* _ACTIVITY_
Reproduce exactly, and solely, the lines running from the top of the data below through the line with "9 janvier. |", both inclusive. Omit pictures.
** SUPPLIED MATERIAL follows **
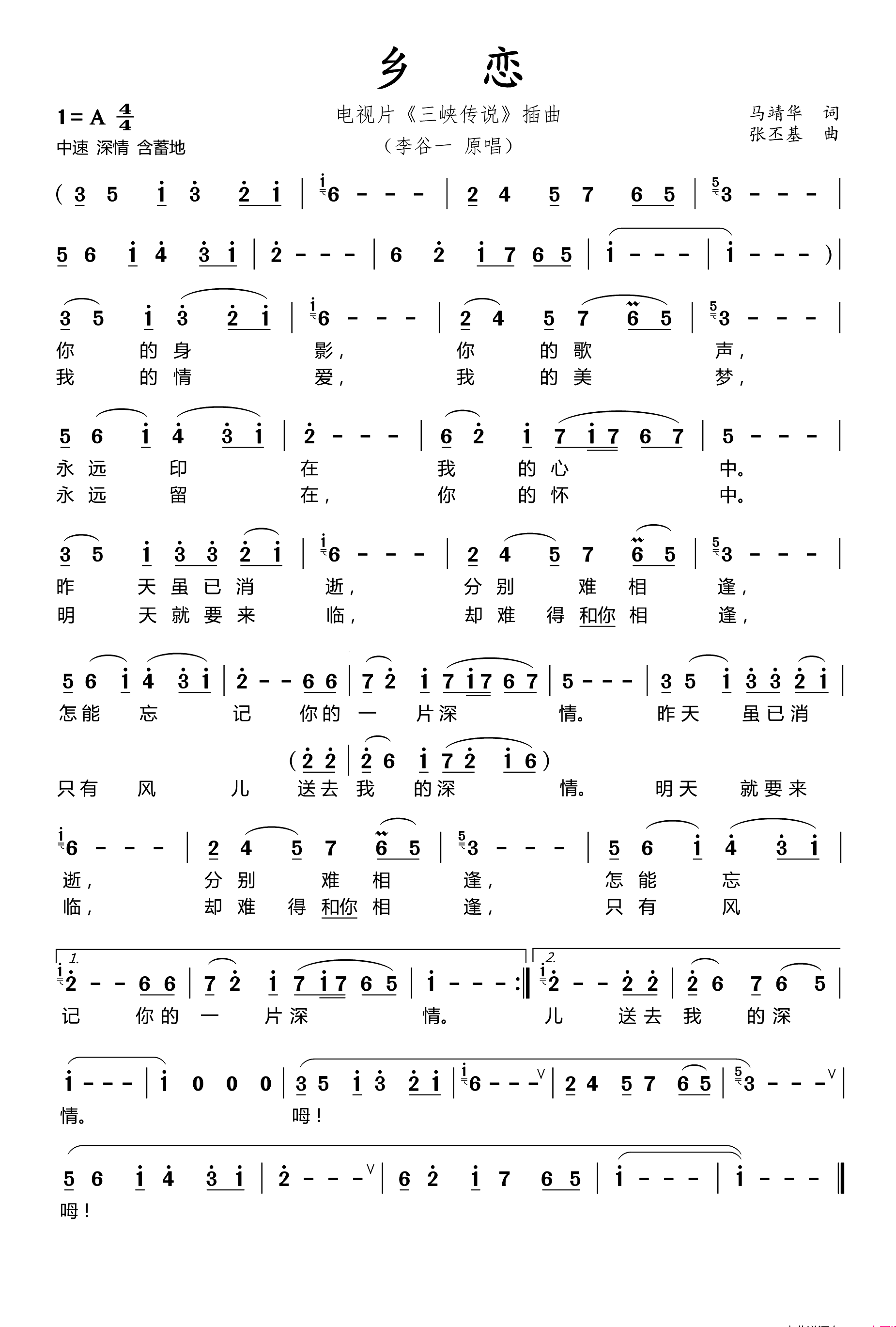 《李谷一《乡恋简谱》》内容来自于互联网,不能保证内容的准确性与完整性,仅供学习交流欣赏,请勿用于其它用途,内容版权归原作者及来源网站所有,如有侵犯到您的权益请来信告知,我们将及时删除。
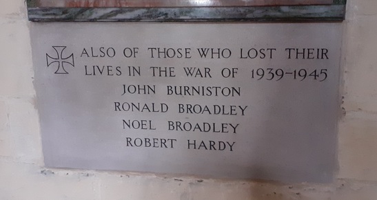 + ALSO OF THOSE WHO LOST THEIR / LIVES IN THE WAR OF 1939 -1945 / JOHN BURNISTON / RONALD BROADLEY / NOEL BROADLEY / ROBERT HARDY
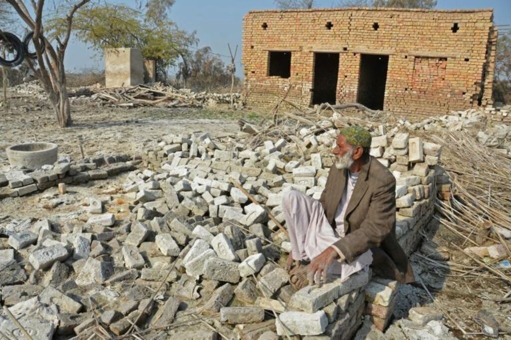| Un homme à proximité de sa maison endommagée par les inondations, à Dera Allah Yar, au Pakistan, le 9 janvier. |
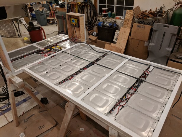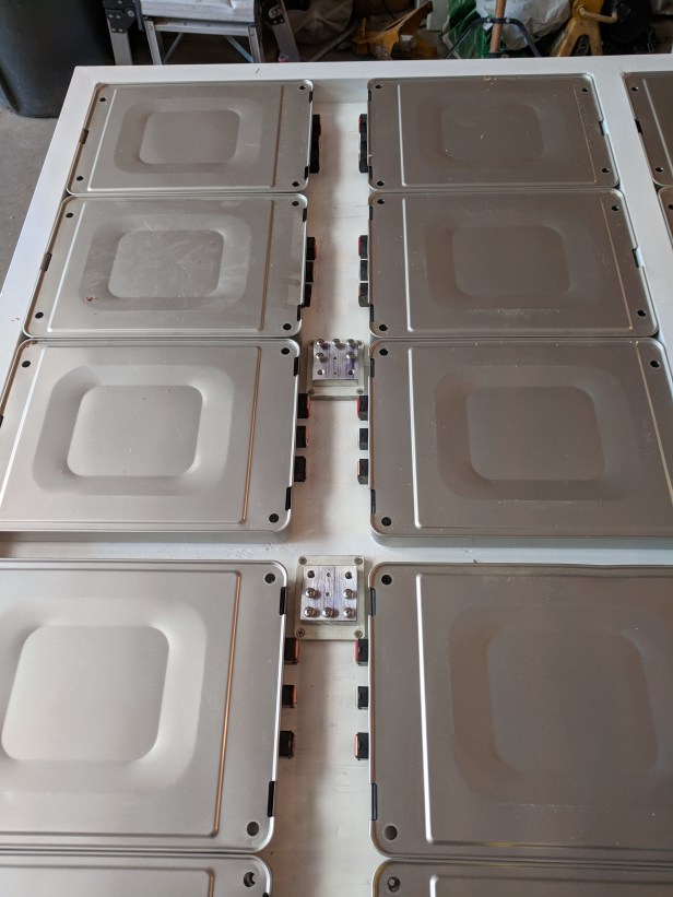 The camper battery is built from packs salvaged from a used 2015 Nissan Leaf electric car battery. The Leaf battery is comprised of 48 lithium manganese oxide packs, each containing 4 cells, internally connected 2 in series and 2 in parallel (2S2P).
** End of SUPPLIED MATERIAL **
* _EXERCISE RESPONSE_
 《李谷一《乡恋简谱》》内容来自于互联网,不能保证内容的准确性与完整性,仅供学习交流欣赏,请勿用于其它用途,内容版权归原作者及来源网站所有,如有侵犯到您的权益请来信告知,我们将及时删除。
 + ALSO OF THOSE WHO LOST THEIR / LIVES IN THE WAR OF 1939 -1945 / JOHN BURNISTON / RONALD BROADLEY / NOEL BROADLEY / ROBERT HARDY
| Un homme à proximité de sa maison endommagée par les inondations, à Dera Allah Yar, au Pakistan, le 9 janvier. |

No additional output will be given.